Fortran and OpenMP don't provide a direct way to lock threads to cores, because supporting the various possible platforms and allowing other applications to coexist effectively becomes impractical. C/C++ programmers often advocate that.
According to the docs, the latest ifort has the /Qpar-affinity=compact option, which you would set, if you don't intend to SET KMP_AFFINITY=. This would set the behavior of ifort OpenMP or auto-parallel similar to what it is with PGI OpenMP. It will work to keep threads 0 and 1 together on one cache, and 2 and 3 on the other. The docs say the command line option over-rides the run-time environment variable, which seems the wrong way around to me. In fact, I'll submit an issue asking for an explanation. If you also set the verbose modifier, it will give some information on what it is doing. You may not like what it tells you on the AMD platform, but at least it does no harm.
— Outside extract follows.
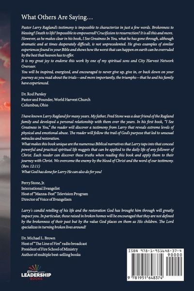 This book is an amazingly insightful, compelling, and uplifting read because it gives personal examples from author Larry Ragland's life, pouring out encouragement to every Christian reader at any age. This encouragement enlightens and motivates the reader to shine forth the Greatness that God has put in his or her life. Larry Ragland writes a compelling memoir about his life, threading a message throughout the book about how God led him successfully through childhood rejection, legal indictments, church location struggles, health issues, and even marriage problems just exactly as God triumphantly led the Bible characters of old miraculously through their wilderness of tragedies, pain, sorrows, challenges, and intrigue to bring out the greatness in them, so He did in Larry's life, and so He wants to do in you, the reader too! Larry Ragland has over 30 years of experience in local church ministry. Alongside his wife Sandy and their two daughters, he founded Solid Rock in Birmingham, Alabama. Together they have pastored the same church for 30 years. He has preached the Gospel in several states and many countries. Larry is reaching the world through his books, online videos, podcasts, and digital courses. In 1996 he founded Ambassadors Bible College, which has equipped and credentialed church planters, pastors, and missionaries around the world. Larry is also the Founder and Director of Ambassadors Network (a network of local churches, pastors, missionaries, and leaders). His passion is to lead leaders and equip this generation to be a voice of influence on our culture and world.

The KMP_AFFINITY environment variable (with no par-affinity) goes back to ifort 10.1. You can't rely on good quad core performance with older versions.
With past ifort versions, if you wanted SSE code to run on AMD, you would have to specify it at compile time (e.g. /QxW), as well as building in release mode. It's possible that your AMD executes your debug x87 code more efficiently than the Intel CPU does.

bendel_boy1 · ‎02-28-2009

Another curio: on the Q6600, in release mode, the OpenMP takes 2.7 seconds; but the non-OpenMP version takes 0.7. The only difference between them is I have the OpenMP setting set to Disable or Generate parallel code.